DanielAsarnow · September 13, 2018, 8:10pm

Oh, you can just use a wildcard instead of importing the whole directory. Click the first micrograph, then replace foo_0001_bar.mrc with foo_01*_bar.mrc, to get the first 100 (or 101 if you started at 0) micrographs. I dunno if you can shift-click to select ranges in the file browser pop up, but it seems like a good feature to add.

tarek · September 13, 2018, 8:55pm

that’s a way, however it requires the filenames to be consecutive or am I wrong?
Wouldn’t it be easy to add a flag for “already processed” in the database?

What would be really nice is to define a scheme, e.g. in the tree view and just feed this template scheme (including pre-defined settings for ctf estimation, template picking, ncc, box size, extraction etc.) with new input images.

DanielAsarnow · September 13, 2018, 9:47pm

All the files matching the wildcard would be used, consecutive or no.

tarek · September 14, 2018, 8:13am

Maybe it’s obvious, but I don’t get it. apologize.
Here is an example.

20180912_2256_12169094_MC2_DW.mrc
20180912_2257_12169095_MC2_DW.mrc
20180912_2259_12169100_MC2_DW.mrc
20180912_2301_12169101_MC2_DW.mrc
20180912_2302_12169102_MC2_DW.mrc
20180912_2306_12169104_MC2_DW.mrc
20180912_2307_12169105_MC2_DW.mrc
20180912_2309_12169106_MC2_DW.mrc
20180912_2311_12169107_MC2_DW.mrc
20180912_2313_12169108_MC2_DW.mrc
20180912_2315_12169109_MC2_DW.mrc
20180912_2316_12169110_MC2_DW.mrc
20180912_2318_12169111_MC2_DW.mrc
20180912_2319_12169112_MC2_DW.mrc
20180912_2320_12169113_MC2_DW.mrc
20180912_2322_12169114_MC2_DW.mrc
20180912_2324_12169132_MC2_DW.mrc
20180912_2326_12169133_MC2_DW.mrc
20180912_2328_12169134_MC2_DW.mrc
20180912_2330_12169136_MC2_DW.mrc
20180912_2332_12169137_MC2_DW.mrc
20180912_2334_12169138_MC2_DW.mrc
20180912_2335_12169139_MC2_DW.mrc
20180912_2337_12169148_MC2_DW.mrc
20180912_2339_12169149_MC2_DW.mrc
20180912_2341_12169150_MC2_DW.mrc
20180912_2342_12169151_MC2_DW.mrc

How would you add all micrographs created after 20180912_2306_12169104_MC2_DW.mrc using wildcards?
Let’s assume there are 500 images before that were already processed and 500 after.
With bash it’s easy but from within chrome I have no idea how to add all at once.

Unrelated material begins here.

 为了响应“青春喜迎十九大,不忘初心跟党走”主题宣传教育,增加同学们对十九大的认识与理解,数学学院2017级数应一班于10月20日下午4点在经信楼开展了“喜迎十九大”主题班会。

DanielAsarnow · September 14, 2018, 9:54pm

The file browser is part of cryoSPARC, it’s not the native one from your operating system. I assume it processes the string using glob.glob from the Python standard library (or something similar) - my quick check appears to confirm.

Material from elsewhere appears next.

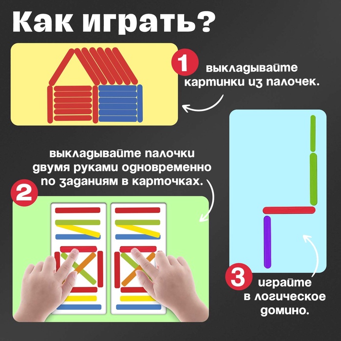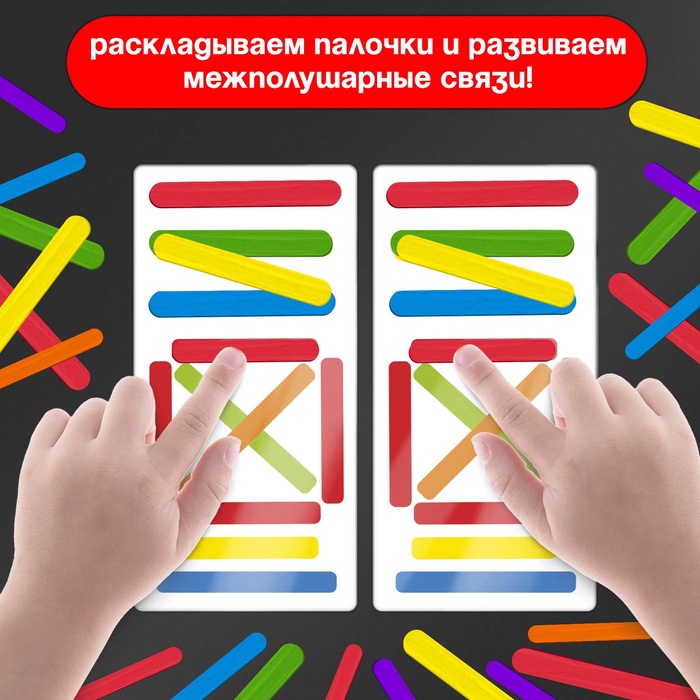 - Выкладывайте палочки двумя руками одновременно по заданиям в карточке.

Thus, for example, micrographs/stack_0[4-5]*.mrc will choose all the micrographs from 400 to 599. Indeed, arbitrary numeric ranges aren’t supported, but I don’t think it really matters if a few micrographs are ever reprocessed, like in your example where you had previously imported all of them at first and not fixed ranges from the beginning. If you want to avoid that in the future you could always use a predictable grouping like 0[0-4]*, 0[5-9]*, 1[0-4]*, etc. while only running these imports after that many micrographs have been recorded.

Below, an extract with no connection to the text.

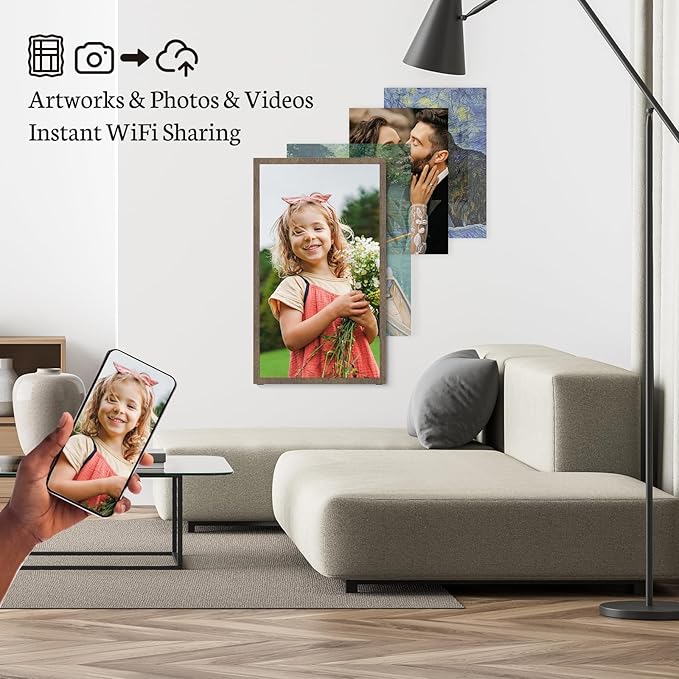 - Apply to Any Scenes: Wall-mounted design makes it can be easily rotated when mounted on the wall for better viewing experience (NOTE:Swivel wall mount not included), you can enjoy the lifelike images like standing in a gallery with art painting decoration. This digital frames for photos can find applications in a variety of scenarios such as offices, restaurants, hotels, exhibitions and more. It can also display family photos in the living room, products in the office, events in shops, menus in restaurants and more. With its sleep mode function, you can conveniently schedule the digital frame and switch it off to enhance convenience of your daily life. It's perfect for life and work.

I imagine eventually they’ll add a true incremental on-the-fly feature, by my guess as its own job type, but until then this is probably the only way.

tarek · September 16, 2018, 6:53pm

Thank you Daniel.
That awnsered my question totally. With your suggestions grouping can indeed be done with just a few movements.
However, I appreciate the --do_unfinished or equivalents used by the MRC born tools. I would love to have something similar here.